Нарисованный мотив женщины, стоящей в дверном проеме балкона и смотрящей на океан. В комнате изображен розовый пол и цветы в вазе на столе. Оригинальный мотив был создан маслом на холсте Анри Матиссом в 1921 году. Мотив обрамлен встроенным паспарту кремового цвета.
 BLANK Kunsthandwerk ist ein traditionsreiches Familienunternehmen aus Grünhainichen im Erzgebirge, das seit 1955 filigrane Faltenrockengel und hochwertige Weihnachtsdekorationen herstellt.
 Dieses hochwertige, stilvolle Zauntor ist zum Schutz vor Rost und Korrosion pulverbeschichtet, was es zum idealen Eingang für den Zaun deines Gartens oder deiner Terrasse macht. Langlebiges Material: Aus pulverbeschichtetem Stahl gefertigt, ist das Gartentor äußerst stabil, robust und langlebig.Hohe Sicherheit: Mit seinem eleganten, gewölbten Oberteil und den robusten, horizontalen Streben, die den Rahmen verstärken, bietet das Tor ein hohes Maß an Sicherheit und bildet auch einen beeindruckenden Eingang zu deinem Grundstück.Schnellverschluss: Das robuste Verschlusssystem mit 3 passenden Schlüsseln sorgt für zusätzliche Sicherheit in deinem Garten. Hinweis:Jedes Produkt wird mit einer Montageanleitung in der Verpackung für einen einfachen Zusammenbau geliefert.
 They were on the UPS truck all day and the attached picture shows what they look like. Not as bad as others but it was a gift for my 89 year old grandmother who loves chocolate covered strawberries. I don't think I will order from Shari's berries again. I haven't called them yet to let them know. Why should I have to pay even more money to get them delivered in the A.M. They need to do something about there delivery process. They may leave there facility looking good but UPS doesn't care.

------------------------------------------------------------

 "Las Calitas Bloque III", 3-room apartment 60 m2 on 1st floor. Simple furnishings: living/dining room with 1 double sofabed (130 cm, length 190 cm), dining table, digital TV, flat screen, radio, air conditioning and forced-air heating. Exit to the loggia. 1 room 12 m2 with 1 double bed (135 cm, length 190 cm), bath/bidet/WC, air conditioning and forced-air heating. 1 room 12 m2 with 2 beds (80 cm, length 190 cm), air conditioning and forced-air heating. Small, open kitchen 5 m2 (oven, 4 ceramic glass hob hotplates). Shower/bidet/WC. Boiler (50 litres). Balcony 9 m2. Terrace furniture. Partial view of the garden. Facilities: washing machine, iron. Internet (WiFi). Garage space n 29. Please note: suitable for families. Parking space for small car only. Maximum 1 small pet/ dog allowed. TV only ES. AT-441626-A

------------------------------------------------------------

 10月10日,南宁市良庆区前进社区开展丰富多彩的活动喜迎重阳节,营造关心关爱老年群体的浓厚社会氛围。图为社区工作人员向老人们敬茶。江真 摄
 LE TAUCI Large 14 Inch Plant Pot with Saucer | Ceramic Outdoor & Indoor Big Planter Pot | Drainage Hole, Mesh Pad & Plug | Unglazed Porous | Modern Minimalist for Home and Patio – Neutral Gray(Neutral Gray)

------------------------------------------------------------

Goal of the exercise –
Go through the listing above and copy each line where the string "with" appears.

Exercise solution –
 "Las Calitas Bloque III", 3-room apartment 60 m2 on 1st floor. Simple furnishings: living/dining room with 1 double sofabed (130 cm, length 190 cm), dining table, digital TV, flat screen, radio, air conditioning and forced-air heating. Exit to the loggia. 1 room 12 m2 with 1 double bed (135 cm, length 190 cm), bath/bidet/WC, air conditioning and forced-air heating. 1 room 12 m2 with 2 beds (80 cm, length 190 cm), air conditioning and forced-air heating. Small, open kitchen 5 m2 (oven, 4 ceramic glass hob hotplates). Shower/bidet/WC. Boiler (50 litres). Balcony 9 m2. Terrace furniture. Partial view of the garden. Facilities: washing machine, iron. Internet (WiFi). Garage space n 29. Please note: suitable for families. Parking space for small car only. Maximum 1 small pet/ dog allowed. TV only ES. AT-441626-A
 LE TAUCI Large 14 Inch Plant Pot with Saucer | Ceramic Outdoor & Indoor Big Planter Pot | Drainage Hole, Mesh Pad & Plug | Unglazed Porous | Modern Minimalist for Home and Patio – Neutral Gray(Neutral Gray)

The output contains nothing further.